SUPPLIED MATERIAL:
★ ★ ★ ★ ★ ★ ★

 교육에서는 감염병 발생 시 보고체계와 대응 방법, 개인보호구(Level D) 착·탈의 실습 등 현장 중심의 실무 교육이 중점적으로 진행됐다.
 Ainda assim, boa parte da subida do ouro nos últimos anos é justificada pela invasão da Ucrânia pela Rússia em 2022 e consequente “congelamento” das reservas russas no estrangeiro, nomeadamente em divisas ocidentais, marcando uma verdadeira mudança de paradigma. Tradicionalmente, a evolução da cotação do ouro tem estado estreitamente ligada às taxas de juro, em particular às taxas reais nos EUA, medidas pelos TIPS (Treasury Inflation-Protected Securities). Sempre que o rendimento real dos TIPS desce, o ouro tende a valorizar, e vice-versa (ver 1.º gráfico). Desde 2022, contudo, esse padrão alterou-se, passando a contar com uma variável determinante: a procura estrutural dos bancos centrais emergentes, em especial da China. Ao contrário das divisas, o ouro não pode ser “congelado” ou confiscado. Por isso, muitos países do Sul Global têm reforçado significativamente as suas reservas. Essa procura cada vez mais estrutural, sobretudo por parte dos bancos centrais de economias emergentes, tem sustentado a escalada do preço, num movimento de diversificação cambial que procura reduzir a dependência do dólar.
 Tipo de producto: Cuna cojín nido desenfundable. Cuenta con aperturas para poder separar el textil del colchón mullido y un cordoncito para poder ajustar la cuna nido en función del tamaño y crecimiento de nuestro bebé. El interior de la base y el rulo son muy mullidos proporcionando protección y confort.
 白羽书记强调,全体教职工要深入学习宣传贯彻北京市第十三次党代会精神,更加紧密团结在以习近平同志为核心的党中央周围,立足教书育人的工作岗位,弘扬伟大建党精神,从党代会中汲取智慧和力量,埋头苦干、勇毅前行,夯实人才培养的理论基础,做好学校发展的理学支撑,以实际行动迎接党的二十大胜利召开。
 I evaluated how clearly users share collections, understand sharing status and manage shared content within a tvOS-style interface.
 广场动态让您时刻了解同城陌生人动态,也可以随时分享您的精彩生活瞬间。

★ ★ ★ ★ ★ ★ ★

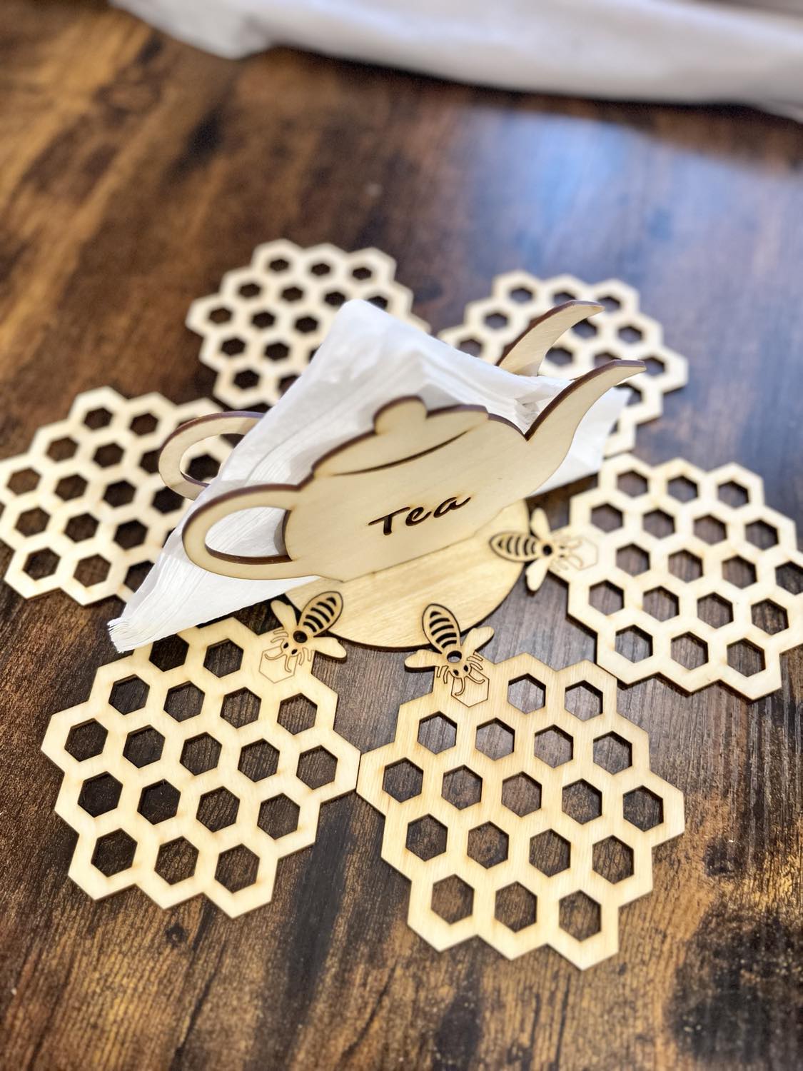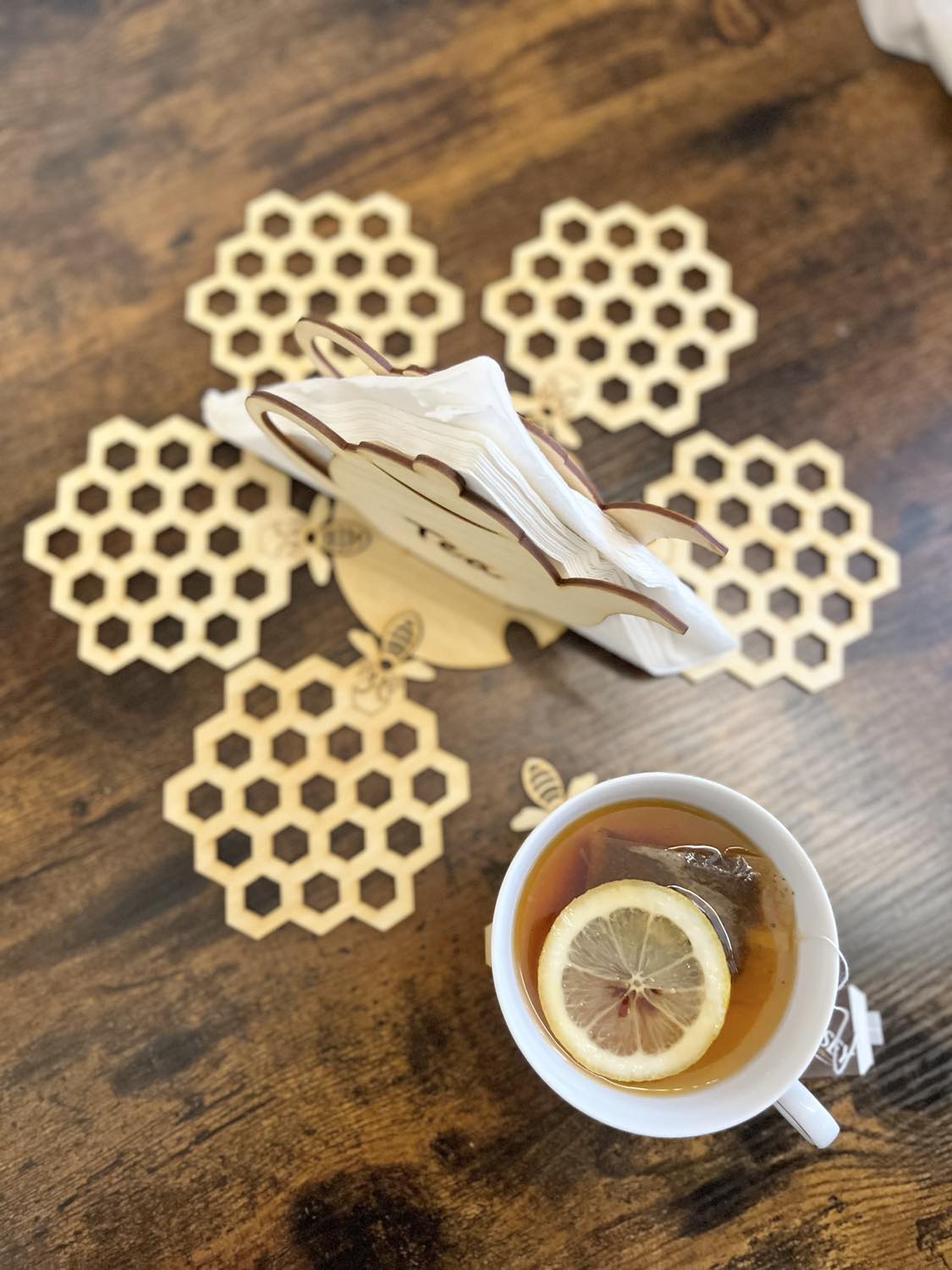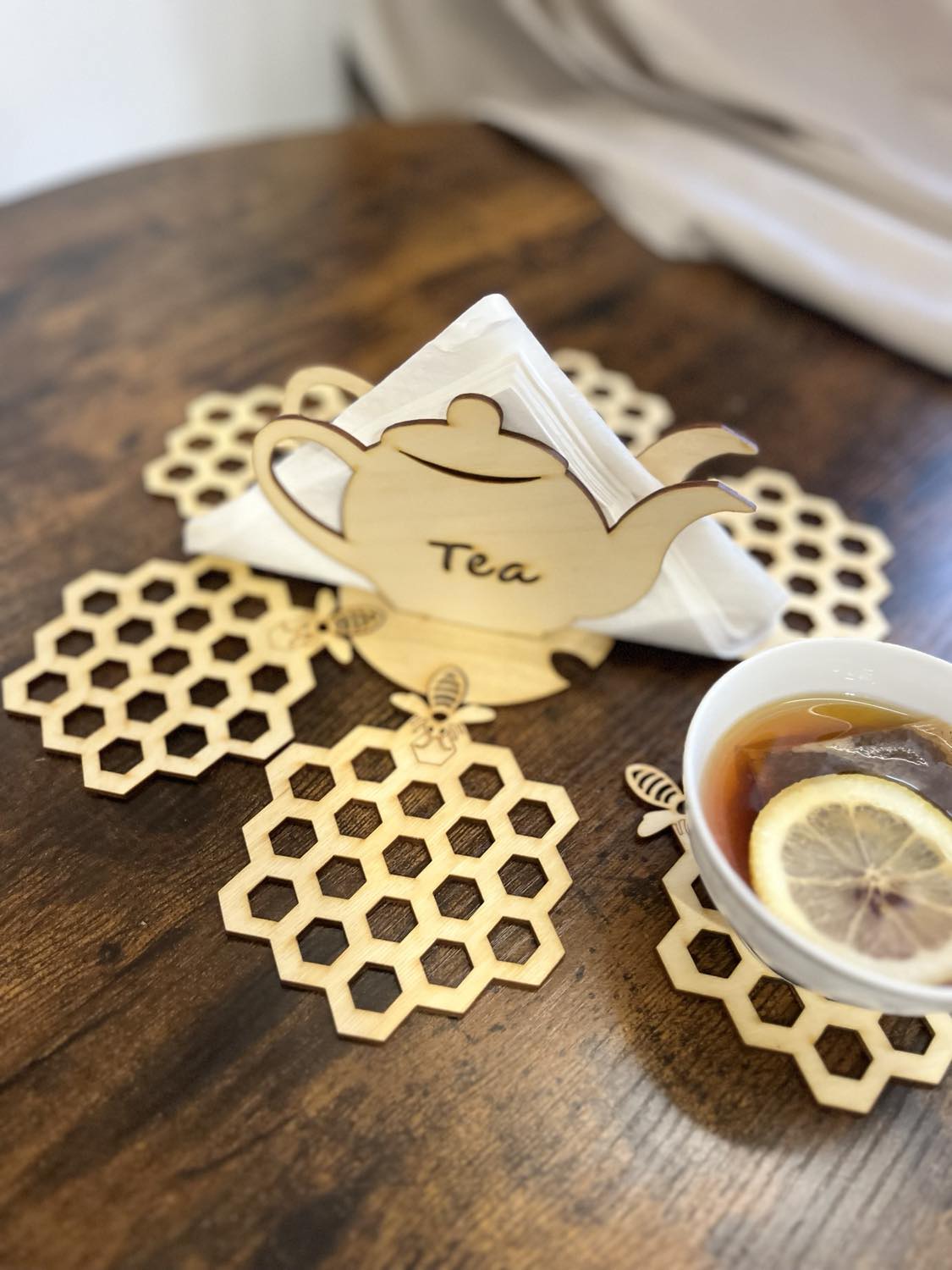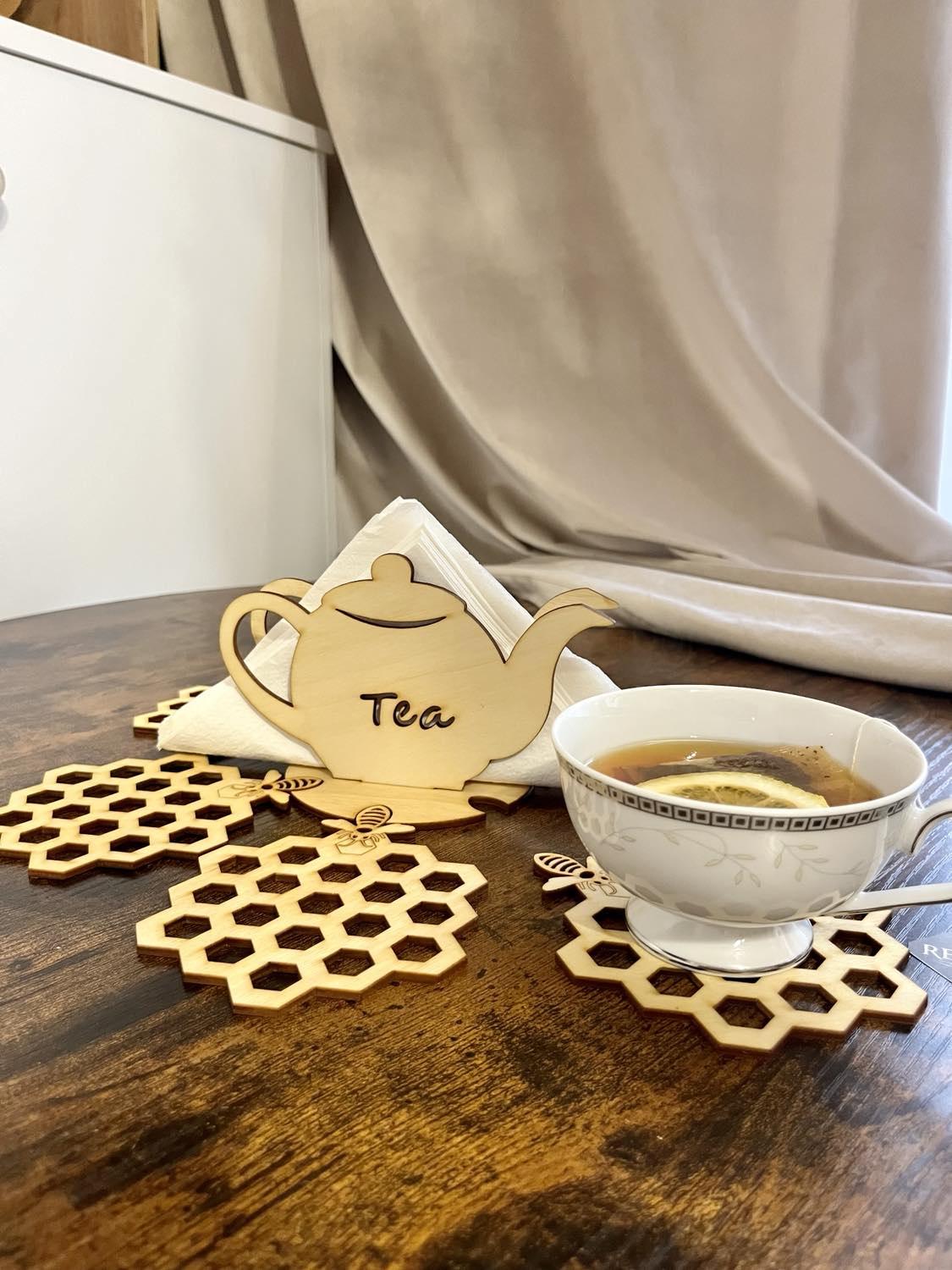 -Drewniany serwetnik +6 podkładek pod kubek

★ ★ ★ ★ ★ ★ ★

WHAT THIS TASK INVOLVES: Beginning at the line with "교육에서는 감염병 발생" and ending at the line with "广场动态让您时刻了解同城陌生人动态,也可以随时分享您的精彩生活瞬间。", reproduce each line of the data above exactly, and add no other lines.

FINAL ANSWER:
 교육에서는 감염병 발생 시 보고체계와 대응 방법, 개인보호구(Level D) 착·탈의 실습 등 현장 중심의 실무 교육이 중점적으로 진행됐다.
 Ainda assim, boa parte da subida do ouro nos últimos anos é justificada pela invasão da Ucrânia pela Rússia em 2022 e consequente “congelamento” das reservas russas no estrangeiro, nomeadamente em divisas ocidentais, marcando uma verdadeira mudança de paradigma. Tradicionalmente, a evolução da cotação do ouro tem estado estreitamente ligada às taxas de juro, em particular às taxas reais nos EUA, medidas pelos TIPS (Treasury Inflation-Protected Securities). Sempre que o rendimento real dos TIPS desce, o ouro tende a valorizar, e vice-versa (ver 1.º gráfico). Desde 2022, contudo, esse padrão alterou-se, passando a contar com uma variável determinante: a procura estrutural dos bancos centrais emergentes, em especial da China. Ao contrário das divisas, o ouro não pode ser “congelado” ou confiscado. Por isso, muitos países do Sul Global têm reforçado significativamente as suas reservas. Essa procura cada vez mais estrutural, sobretudo por parte dos bancos centrais de economias emergentes, tem sustentado a escalada do preço, num movimento de diversificação cambial que procura reduzir a dependência do dólar.
 Tipo de producto: Cuna cojín nido desenfundable. Cuenta con aperturas para poder separar el textil del colchón mullido y un cordoncito para poder ajustar la cuna nido en función del tamaño y crecimiento de nuestro bebé. El interior de la base y el rulo son muy mullidos proporcionando protección y confort.
 白羽书记强调,全体教职工要深入学习宣传贯彻北京市第十三次党代会精神,更加紧密团结在以习近平同志为核心的党中央周围,立足教书育人的工作岗位,弘扬伟大建党精神,从党代会中汲取智慧和力量,埋头苦干、勇毅前行,夯实人才培养的理论基础,做好学校发展的理学支撑,以实际行动迎接党的二十大胜利召开。
 I evaluated how clearly users share collections, understand sharing status and manage shared content within a tvOS-style interface.
 广场动态让您时刻了解同城陌生人动态,也可以随时分享您的精彩生活瞬间。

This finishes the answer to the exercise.